Услышав первое восклицание, Карахан испуганно метнул взгляд сторону кричашщих из окон студентов, а охранники поспешно приблизились к Сталину вплотную. Сталин что-то сказал идущему справа от него охраннику и он стал отставать, его примеру последовал и второй охранник. Не ускоряя шаг, Сталин и его спутники перешли улицу Грановского и пошли дальше по Моховой... 

  Вернувшись в комнату Галиен тщательно  перезарядив  пистолет,  проверил, легко ли он  выскакивает  из  кобуры,  остался  доволен,  и  уже собирался присесть на диван, когда из коридора послышались голоса. Он понял, что все это время входная дверь оставалась открытой. В  дверь  уже барабанили. Ну что же - когда-нибудь все  это  должно  было  кончиться.  Галиен навел на дверь маузер и крикнул:
     - Прошу!
     Дверь открылась, и в  комнату вошли двое в штатском.  Никакого  внимания  на  пистолет  в  его  руке  они  не обратили.
     - Ты Фанерный? - спросил тот, что был постарше.
     - Я.
     - Держи, - сказал он и протянул Галиену сложенную вдвое бумажку.
     Галиен спрятал маузер в кобуру и развернул бумажку:

     "Тов. Фанерный! Немедленно поезжайте в Новониколаевский театр «Сосновка».  Для  содействия  посылаю  Фельдбина  и  Тойво Глумова.  Товарищи опытные. Каммерер."
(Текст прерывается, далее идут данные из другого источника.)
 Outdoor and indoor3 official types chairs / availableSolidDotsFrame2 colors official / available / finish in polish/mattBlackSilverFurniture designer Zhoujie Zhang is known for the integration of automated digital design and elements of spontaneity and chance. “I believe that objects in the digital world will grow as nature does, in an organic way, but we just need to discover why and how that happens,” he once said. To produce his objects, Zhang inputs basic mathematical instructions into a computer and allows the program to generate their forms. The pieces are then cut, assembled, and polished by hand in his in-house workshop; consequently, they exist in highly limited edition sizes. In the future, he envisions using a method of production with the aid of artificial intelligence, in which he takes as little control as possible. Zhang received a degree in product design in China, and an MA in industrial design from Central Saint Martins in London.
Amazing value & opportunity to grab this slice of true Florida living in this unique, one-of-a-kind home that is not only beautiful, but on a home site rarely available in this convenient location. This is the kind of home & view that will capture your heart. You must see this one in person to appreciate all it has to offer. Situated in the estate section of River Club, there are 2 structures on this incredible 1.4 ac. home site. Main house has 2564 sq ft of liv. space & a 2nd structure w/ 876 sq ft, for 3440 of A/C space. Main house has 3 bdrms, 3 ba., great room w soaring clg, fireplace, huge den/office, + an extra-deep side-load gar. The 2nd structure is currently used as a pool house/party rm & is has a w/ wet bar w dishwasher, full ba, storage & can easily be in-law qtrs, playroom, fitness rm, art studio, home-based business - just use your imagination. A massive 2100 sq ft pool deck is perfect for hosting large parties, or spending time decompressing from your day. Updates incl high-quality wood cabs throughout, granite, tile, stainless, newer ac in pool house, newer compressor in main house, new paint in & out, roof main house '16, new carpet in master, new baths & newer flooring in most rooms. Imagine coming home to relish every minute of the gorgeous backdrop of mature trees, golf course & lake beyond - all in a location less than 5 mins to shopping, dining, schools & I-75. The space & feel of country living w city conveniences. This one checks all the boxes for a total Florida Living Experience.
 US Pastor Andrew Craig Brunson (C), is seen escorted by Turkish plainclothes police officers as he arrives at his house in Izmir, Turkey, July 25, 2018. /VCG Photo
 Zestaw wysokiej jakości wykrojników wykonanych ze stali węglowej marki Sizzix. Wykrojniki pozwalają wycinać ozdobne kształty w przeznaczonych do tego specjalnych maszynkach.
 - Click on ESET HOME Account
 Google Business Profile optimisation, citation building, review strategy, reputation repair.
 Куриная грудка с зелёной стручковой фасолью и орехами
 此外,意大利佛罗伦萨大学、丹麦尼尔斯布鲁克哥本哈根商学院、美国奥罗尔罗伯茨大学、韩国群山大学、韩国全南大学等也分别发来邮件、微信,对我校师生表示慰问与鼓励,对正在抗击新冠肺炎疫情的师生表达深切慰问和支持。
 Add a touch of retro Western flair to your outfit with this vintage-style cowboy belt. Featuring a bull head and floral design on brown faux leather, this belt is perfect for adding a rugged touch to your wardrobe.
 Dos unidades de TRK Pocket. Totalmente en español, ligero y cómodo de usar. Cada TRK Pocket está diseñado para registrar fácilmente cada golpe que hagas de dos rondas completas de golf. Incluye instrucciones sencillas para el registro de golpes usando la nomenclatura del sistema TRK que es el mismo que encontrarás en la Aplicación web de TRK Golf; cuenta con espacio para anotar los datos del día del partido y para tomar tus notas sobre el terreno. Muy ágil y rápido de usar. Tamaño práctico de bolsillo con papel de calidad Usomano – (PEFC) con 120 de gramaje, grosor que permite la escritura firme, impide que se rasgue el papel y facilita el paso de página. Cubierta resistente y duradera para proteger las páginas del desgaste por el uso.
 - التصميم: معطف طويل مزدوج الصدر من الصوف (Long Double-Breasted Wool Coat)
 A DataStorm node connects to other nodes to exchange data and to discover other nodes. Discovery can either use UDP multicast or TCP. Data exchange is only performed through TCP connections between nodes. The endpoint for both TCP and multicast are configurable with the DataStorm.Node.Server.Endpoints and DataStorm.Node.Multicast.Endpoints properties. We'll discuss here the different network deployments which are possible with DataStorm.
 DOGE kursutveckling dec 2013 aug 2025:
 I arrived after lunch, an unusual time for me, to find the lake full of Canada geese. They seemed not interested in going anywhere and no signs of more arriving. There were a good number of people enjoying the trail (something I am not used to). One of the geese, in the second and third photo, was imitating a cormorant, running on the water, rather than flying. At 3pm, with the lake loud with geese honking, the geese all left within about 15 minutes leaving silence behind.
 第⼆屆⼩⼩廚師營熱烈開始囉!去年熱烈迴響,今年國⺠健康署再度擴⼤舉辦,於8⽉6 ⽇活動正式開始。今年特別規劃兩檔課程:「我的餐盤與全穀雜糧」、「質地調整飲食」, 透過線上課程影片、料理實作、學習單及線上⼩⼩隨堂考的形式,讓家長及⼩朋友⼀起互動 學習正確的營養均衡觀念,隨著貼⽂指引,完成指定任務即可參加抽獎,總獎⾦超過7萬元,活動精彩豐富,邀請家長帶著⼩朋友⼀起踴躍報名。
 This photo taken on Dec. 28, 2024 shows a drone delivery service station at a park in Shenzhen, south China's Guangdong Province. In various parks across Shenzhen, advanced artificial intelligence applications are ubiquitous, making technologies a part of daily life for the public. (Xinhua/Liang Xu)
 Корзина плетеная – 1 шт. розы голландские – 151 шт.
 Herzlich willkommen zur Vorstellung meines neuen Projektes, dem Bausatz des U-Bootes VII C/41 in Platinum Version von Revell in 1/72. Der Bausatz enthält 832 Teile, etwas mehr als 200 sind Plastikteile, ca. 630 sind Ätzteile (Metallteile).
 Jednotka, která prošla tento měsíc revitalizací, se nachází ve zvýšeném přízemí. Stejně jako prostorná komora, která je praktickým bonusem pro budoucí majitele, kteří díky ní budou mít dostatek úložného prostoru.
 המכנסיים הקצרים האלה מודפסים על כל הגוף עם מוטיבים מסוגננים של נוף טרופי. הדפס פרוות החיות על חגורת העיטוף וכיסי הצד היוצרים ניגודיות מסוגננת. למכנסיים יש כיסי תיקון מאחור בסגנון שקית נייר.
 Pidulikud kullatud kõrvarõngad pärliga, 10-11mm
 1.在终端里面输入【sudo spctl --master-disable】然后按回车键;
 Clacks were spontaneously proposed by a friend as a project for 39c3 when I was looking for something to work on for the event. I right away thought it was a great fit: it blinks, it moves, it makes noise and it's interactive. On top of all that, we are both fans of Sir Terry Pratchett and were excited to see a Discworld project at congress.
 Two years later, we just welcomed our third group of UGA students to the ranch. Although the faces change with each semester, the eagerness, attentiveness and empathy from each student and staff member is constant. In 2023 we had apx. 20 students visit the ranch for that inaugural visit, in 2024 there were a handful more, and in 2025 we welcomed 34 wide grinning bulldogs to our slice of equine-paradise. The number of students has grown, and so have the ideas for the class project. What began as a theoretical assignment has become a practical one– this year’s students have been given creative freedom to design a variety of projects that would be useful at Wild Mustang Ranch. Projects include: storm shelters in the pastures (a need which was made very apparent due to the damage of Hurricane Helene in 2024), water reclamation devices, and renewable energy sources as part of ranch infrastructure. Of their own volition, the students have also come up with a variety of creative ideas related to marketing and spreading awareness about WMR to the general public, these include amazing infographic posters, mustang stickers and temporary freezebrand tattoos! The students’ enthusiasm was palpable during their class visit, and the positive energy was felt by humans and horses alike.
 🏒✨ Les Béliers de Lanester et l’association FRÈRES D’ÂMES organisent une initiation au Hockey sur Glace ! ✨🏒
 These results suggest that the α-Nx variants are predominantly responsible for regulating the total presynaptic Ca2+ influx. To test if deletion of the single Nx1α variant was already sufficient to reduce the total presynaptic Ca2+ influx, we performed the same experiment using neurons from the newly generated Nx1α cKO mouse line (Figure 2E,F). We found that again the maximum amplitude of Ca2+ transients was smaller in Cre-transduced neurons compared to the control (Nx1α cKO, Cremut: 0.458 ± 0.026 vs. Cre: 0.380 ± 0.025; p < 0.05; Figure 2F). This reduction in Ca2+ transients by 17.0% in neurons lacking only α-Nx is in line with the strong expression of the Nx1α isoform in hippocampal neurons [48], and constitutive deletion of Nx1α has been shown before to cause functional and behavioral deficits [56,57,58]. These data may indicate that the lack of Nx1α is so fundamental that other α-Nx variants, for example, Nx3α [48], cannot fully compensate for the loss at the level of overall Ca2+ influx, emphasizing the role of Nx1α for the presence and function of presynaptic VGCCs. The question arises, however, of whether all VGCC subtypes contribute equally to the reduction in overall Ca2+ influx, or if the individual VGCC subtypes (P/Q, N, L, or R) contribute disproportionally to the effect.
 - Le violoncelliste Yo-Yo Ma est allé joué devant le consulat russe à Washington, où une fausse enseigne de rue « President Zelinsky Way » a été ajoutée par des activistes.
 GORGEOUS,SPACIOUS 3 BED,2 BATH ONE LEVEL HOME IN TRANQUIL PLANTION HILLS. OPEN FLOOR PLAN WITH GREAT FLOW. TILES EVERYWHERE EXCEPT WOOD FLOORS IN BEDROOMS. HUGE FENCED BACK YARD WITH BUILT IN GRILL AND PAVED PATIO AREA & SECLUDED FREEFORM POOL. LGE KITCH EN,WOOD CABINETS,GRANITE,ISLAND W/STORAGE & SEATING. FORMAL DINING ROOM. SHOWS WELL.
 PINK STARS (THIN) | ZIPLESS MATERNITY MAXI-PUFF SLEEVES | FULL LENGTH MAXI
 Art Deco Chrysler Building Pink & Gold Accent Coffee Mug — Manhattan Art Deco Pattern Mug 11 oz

     Под  текстом  была  неразборчивая  печать.  Пока  Галиен думал,  что  ему говорить, они сели за стол.
     - Шофер внизу - ваш? - спросил Галиен.
     - Наш, - сказал старший. - А машину твою возьмем. Тебя как звать?
     - Петр, - сказал Галиен, и чуть не прикусил язык.
     - Я Фельдбин, - сказал пожилой и усатый.
     - Глумов, - представился молодой.
     Галиен сел за  стол  напротив  них.  Фельдбин  налил  три  стакана  водки, подвинул один к Петру-Галиену и поднял на него глаза. Галиен понял, что он чего-то ждет.
     - Ну что, - сказал Галиен-Петр, берясь за свой  стакан,  -  как  говорится,  за победу мировой революции!
     Тост Петра-Галиена не вызвал у них энтузиазма...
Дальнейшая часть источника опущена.